Fullerton then told the story of when the unnamed (or apocryphal) player arrived at the ballpark the following day:

“That fellow was suspicious.  He reached the practice grounds at Vicksburg, looked around cautiously, scratched a hole in the sand and buried his diamond ring.  Then he filled his pipe, lighted it and started to practice.  Pretty soon (Manager Frank) Chance yelled at him to get back of the bat and warm up the (batting practice pitchers).  He adjusted his mask, stuck the pipe through the wires and went to work.  That finished his major league career.”

Frank Chance

Frank Chance

Fullerton said Chicago’s 1898 training camp with Manager Tom Burns was “Probably the strangest” a team had ever chosen, and the one that convinced him spring training trips weren’t necessary:

Tom Burns

Tom Burns

“Hudson (New Mexico) consists of one of the finest hot springs in the world, a wide-porched, one-story hotel called Casa del Consuelo  and it is five miles from the railroad and twenty-five from Silver City.”
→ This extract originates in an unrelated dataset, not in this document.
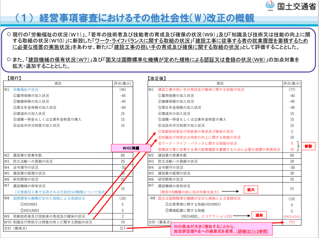 今回の改正では、その他社会性(W点)の部分が改正されます。下図の通り、項目はW1~W8にまとめられ、一部項目の新設や拡大、追加がなされました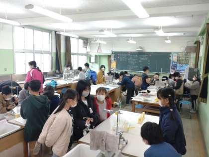 冷やしたときの変化 公開日 2023/03/02 更新日 2023/03/02 お知らせ 4年生は理科で「水のすがた」について学習しています。本時では。、水を冷やし続けたときにどのように変化するかを実験して調べました。実験器具をセットする人、温度計のめもりを読む人、記録する人、時間を測る人など、班の中で役割をしっかり分担して協力して実験を進めていました。 何度のところで水が変化しだしたか、水はどのように変化してきたかなど、話し合ってノートにまとめていました。 いいね(0)

Fullerton said because of the terrain, and the lack of a suitable location to play:

“The team made one effort to play ball and gave up, and yet, after three weeks of horseback riding, hunting, and mountain climbing, and with only tossing the ball as practice, it was the best conditioned team I ever saw open a season.”

While Chicago might have started the season as the “best-conditioned team” Fullerton had ever seen, and won five of their first six games, they finished the season in fourth place, 17 ½ games behind the Boston Beaneaters.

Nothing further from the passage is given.